Intel Xe-HPG Based Discrete Alchemist GPU Configurations:
Intel Arc Alchemist ‘ACM-G10’ GPU Specifications - The Top GPU
The top Arc Alchemist GPU is going to be the ACM-G10. It is said expected to measure 407mm2 which makes it larger than both NVIDIA’s GA014 and AMD’s Navi 22 chips. The ACM-G10 powered GPUs are going to compete against NVIDIA’s GeForce RTX 3070(Ti) and AMD Radeon RX 6700 XT. NVIDIA packs in tensor cores and much bigger RT/FP32 cores in its chips while AMD RDNA 2 chips pack a single ray accelerator unit per CU and Infinity Cache. Intel will also have dedicated hardware onboard its Alchemist GPUs for Raytracing & AI-assisted super-sampling tech. The full die features 32 Xe Cores, 512 EUs, 4096 ALUs, a 256-bit bus interface, and up to 16 GB GDDR6 memory featuring clock speeds between 16-18 Gbps from Samsung. Following are some of the ACM-G10 32 EU variants that we can expect::
512 EU (4096 ALUs) / 16 GB @ Up To 18 Gbps / 256-bit 384 EU (3072 ALUs) / 12 GB @ Up To 16 Gbps / 192-bit 256 EU (2048 ALUs) / 8 GB @ Up To 16 Gbps / 128-bit
The Xe-HPG Alchemist ACM-G10 chip is suggested to feature clocks of around 2.2 - 2.5 GHz though we don’t know if these are the average clocks or the maximum boost clocks. We have already spotted a flagship configuration with DG2-512 GPU running at 2.4 GHz, delivering nearly 20 TFLOPs of FP32 horsepower so we might very well end up with 2.5 GHz clocks in the final revision. The TDP target for these chips seems to start at 120W for laptops and go all the way up to 300W for desktop parts. In either case, we can expect the final model to rock an 8+6 pin connector config, The reference model is also going to look very much like the drone marketing shot Intel put out during the ARC branding reveal.
Intel ARC ACM-G10 vs NVIDIA GA104 & AMD Navi 22 GPUs
Intel Arc Alchemist ‘ACM-G11’ GPU Specifications - The Small GPU
The Intel ACM-G11 is going to be the smaller Arc GPU, aiming at the entry-level and mainstream PC platforms. The GPU is said to measure around 156mm2. This is also much smaller than the 200mm2 TU117 die that the chip will be competing against. The GA107 die size isn’t known yet but it is likely to be around 160-180mm2. It is a bigger chip compared to the recently released AMD Navi 24 which measures only 107mm2. There are two configs that feature the full-fat SKU with 1024 cores, a 96-bit, and a 64-bit variant with 6 GB and 4 GB memory capacity, respectively.

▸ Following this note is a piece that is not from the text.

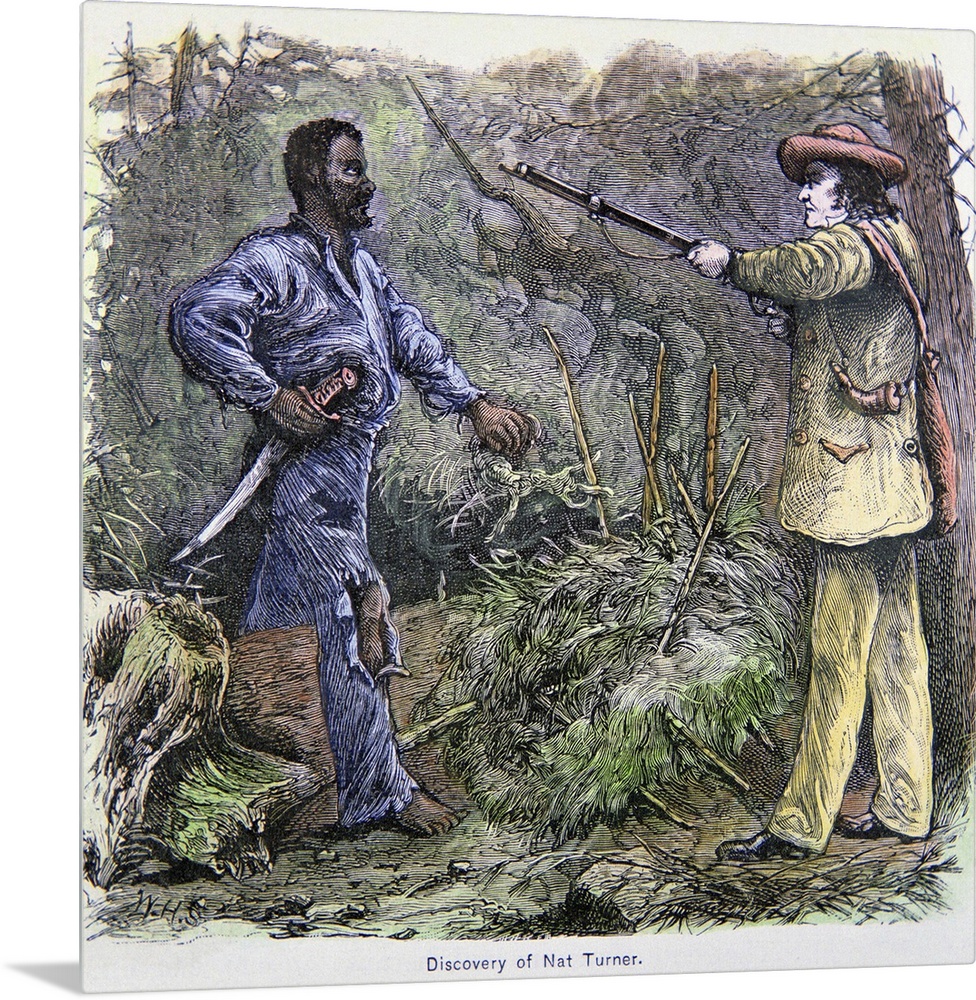 <p>'The Discovery of Nat Turner\' (1800-31) (colour litho) by American School, (19th century); Private Collection; (add.info.: slave who led a large but unsuccessful rebellion in Southampton County, Virginia, 1831;)</p>

The cut-down variant will come with 96 EUs or 768 cores and a 4 GB GDDR6 memory featured across a 64-bit bus interface. The chip is expected to feature a clock speed of around 2.2 - 2.5 GHz and have a sub 75 Watt power consumption which means we will be looking at connector-less graphics cards for the entry-level segment. Following are all the ARC ACM-G11 variants that we can expect:
128 EU (1024 ALUs) / 6 GB @ Up To 16 Gbps / 96-bi 128 EU (1024 ALUs) / 4 GB @ Up To 16 Gbps / 64-bit 96 EU (768 ALUs) / 4 GB @ Up To 16 Gbps / 64-bit
This GPU will be very similar to the DG1 GPU-based discrete SDV board however Alchemist will have a more improved architecture design and definitely more performance uplift over the first-gen Xe GPU architecture. This lineup is definitely going to be aimed at the entry-level desktop discrete market based on the specifications.